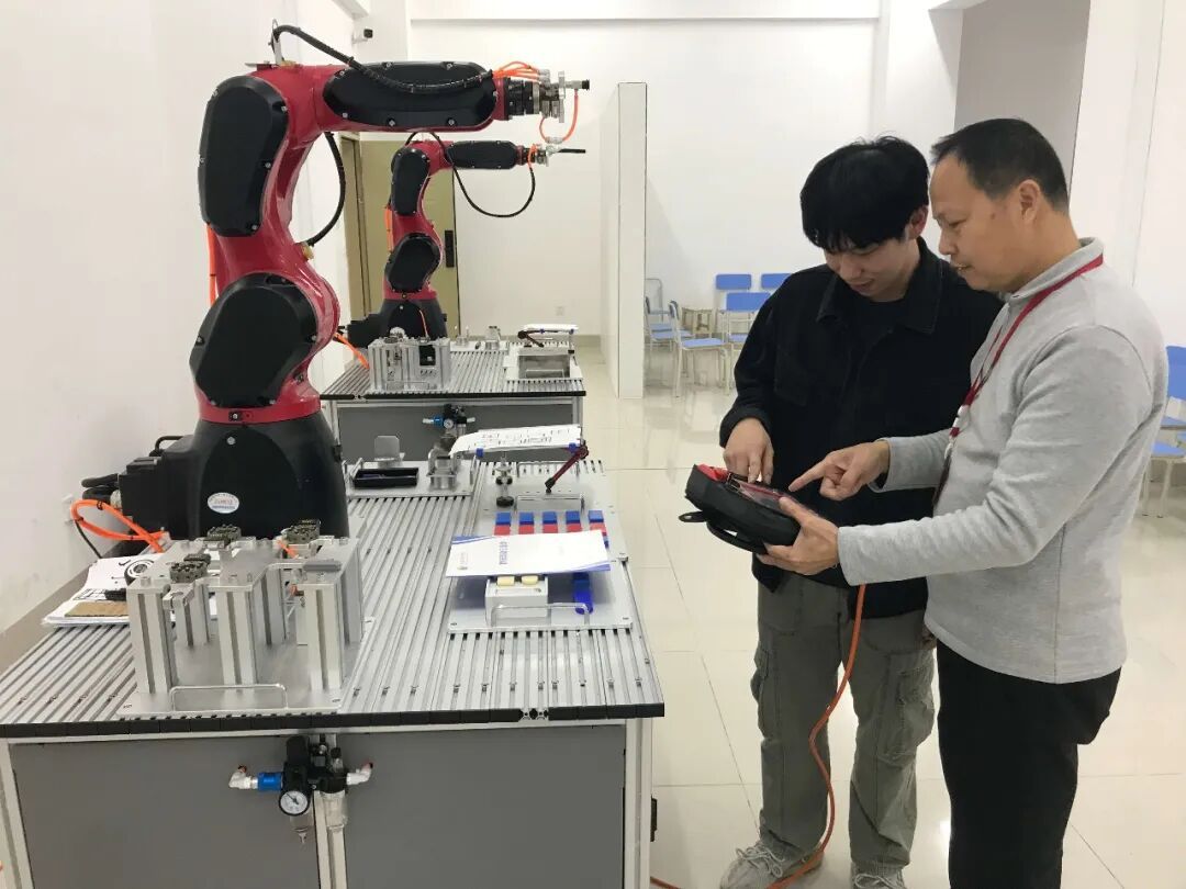 随后,活动移至1409机器人实训室。在这里,教师们深入了解了机械臂的结构原理与操作要点,通过轮流上机操作,熟练掌握了机械臂的抓取、搬运等动作流程,进一步夯实了专业技能基础。实操学习结束后,全体教师进行了深入的教学研讨。大家围绕“如何将实训设备操作融入日常教学”展开热烈讨论,分享了各自在教学设计、教学案例及课件制作方面的经验。针对教学中遇到的实际问题,教师们集思广益,共同探讨解决方案,碰撞出了许多创新的教学火花。
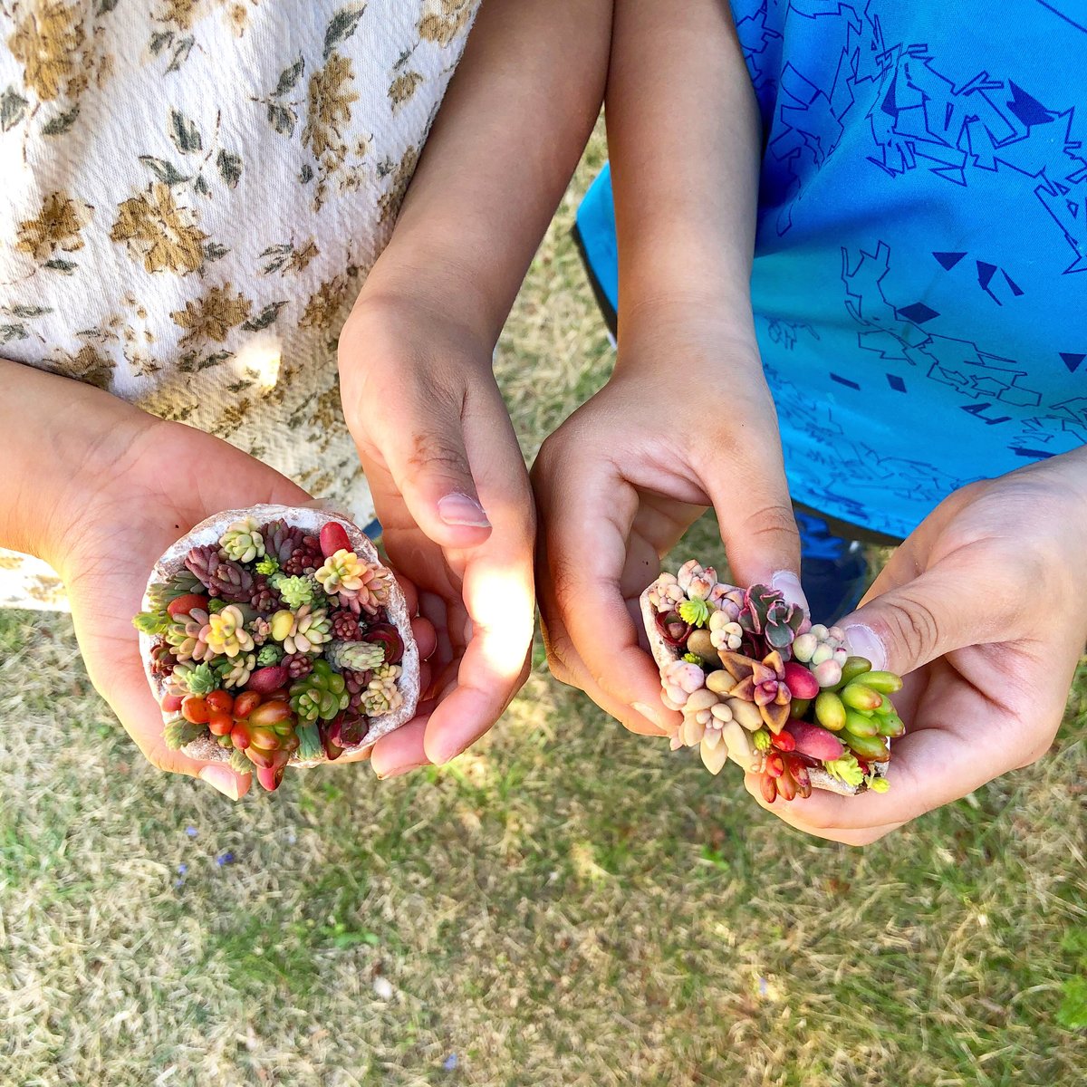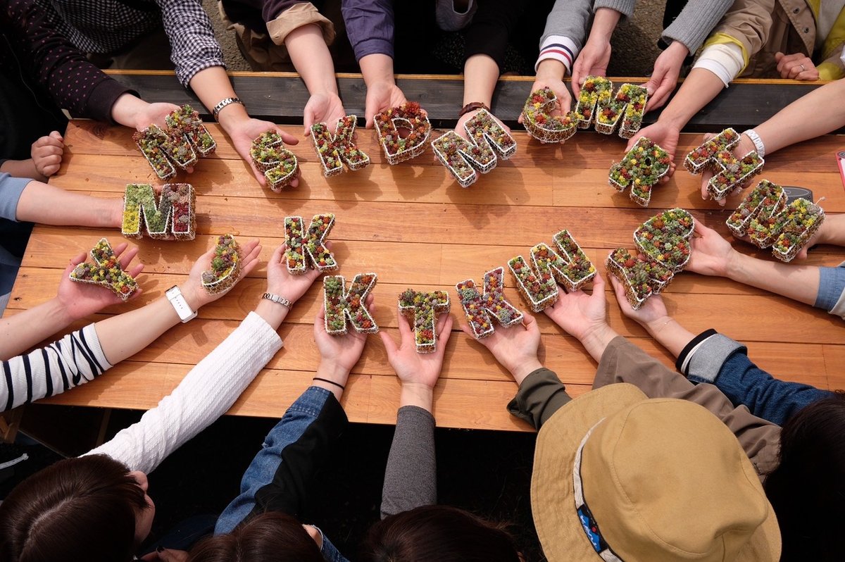 ワークショップ後にみんなで作品を撮影。「同じ材料を使っても、慎重にすき間を埋めていく人もいれば、さくさく仕上げる人もいて、作品に個性が出るのがおもしろい」とMAiさん(写真提供:MAiさん)
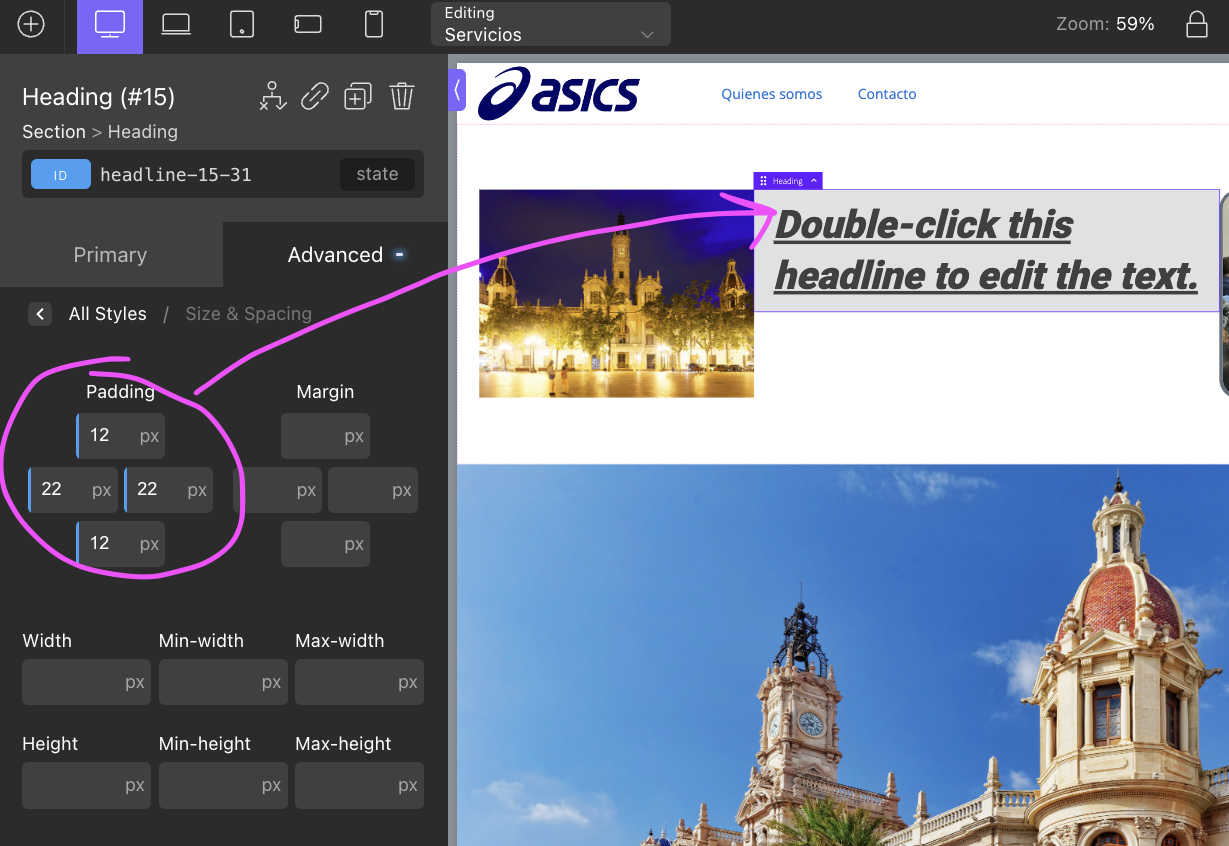 3- Aquí es donde podemos modificar el padding o margin según nuestro diseño.
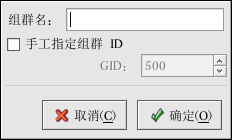 要添加新用户组群,点击「添加组群」 按钮。一个类似图 25-4的窗口就会出现。键入新组群的名称来创建。要为新组群指定组群 ID,选择「手工指定组群 ID」,然后选择 GID。Red Hat Linux 把 低于 500 的组群 ID 保留给系统组群。
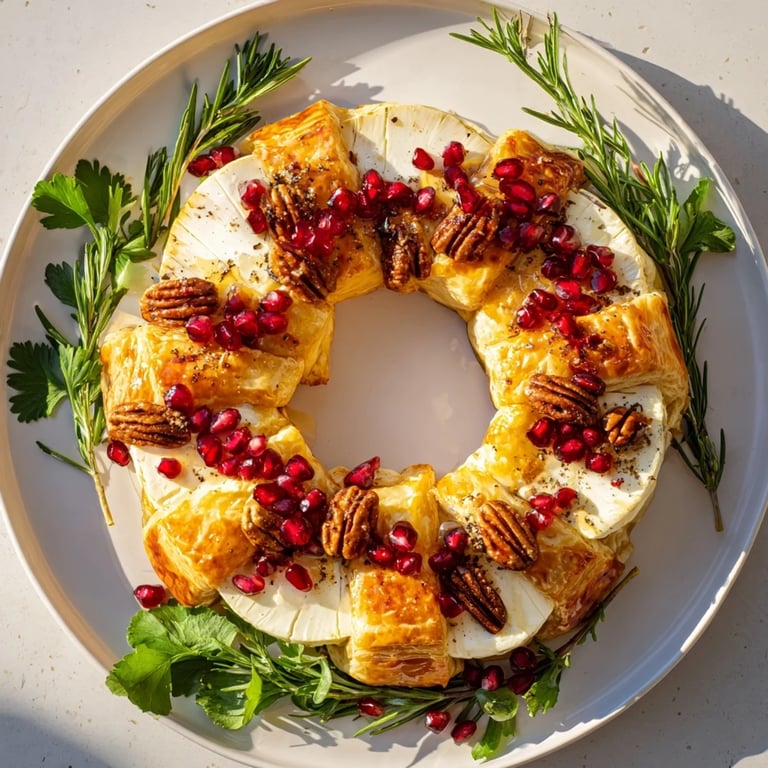 Save to Pinterest A stunning, elegant appetizer featuring creamy Brie, fresh pomegranate seeds, and aromatic herbs arranged in a festive, edible wreath—perfect for holiday entertaining.
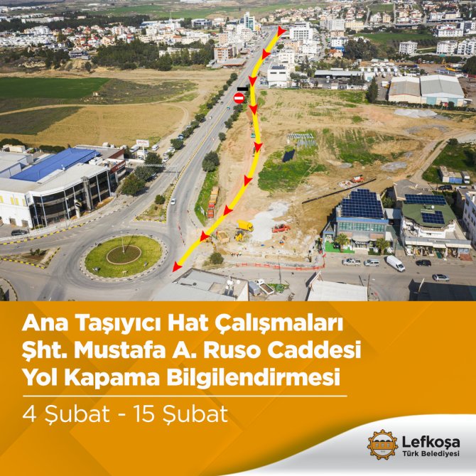Şht. Mustafa A. Ruso Caddesi’ni Lefkoşa şehir merkezi istikametinde kullanacak araç sürücüleri, köprü yanından geçici oluşturulacak servis yolunu kullanarak şehir merkezi ve içerisine ulaşabileceklerdir.
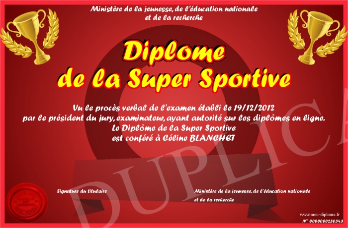 Envoyez par email votre Diplôme de la Super Sportive personalisé
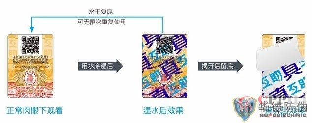 用水、白酒等無色液體浸濕標識表面,可快速顯示“互助、真”字樣,水干復原,可無限次重復鑒別,技術獨有,不可仿制。

§

- [Problem to solve]:
The lines from the one containing "Envoyez par email" through the last line of the records are what you should copy, word for word and nothing else, with pictures left out.

- [Final answer]:
 Envoyez par email votre Diplôme de la Super Sportive personalisé
 用水、白酒等無色液體浸濕標識表面,可快速顯示“互助、真”字樣,水干復原,可無限次重復鑒別,技術獨有,不可仿制。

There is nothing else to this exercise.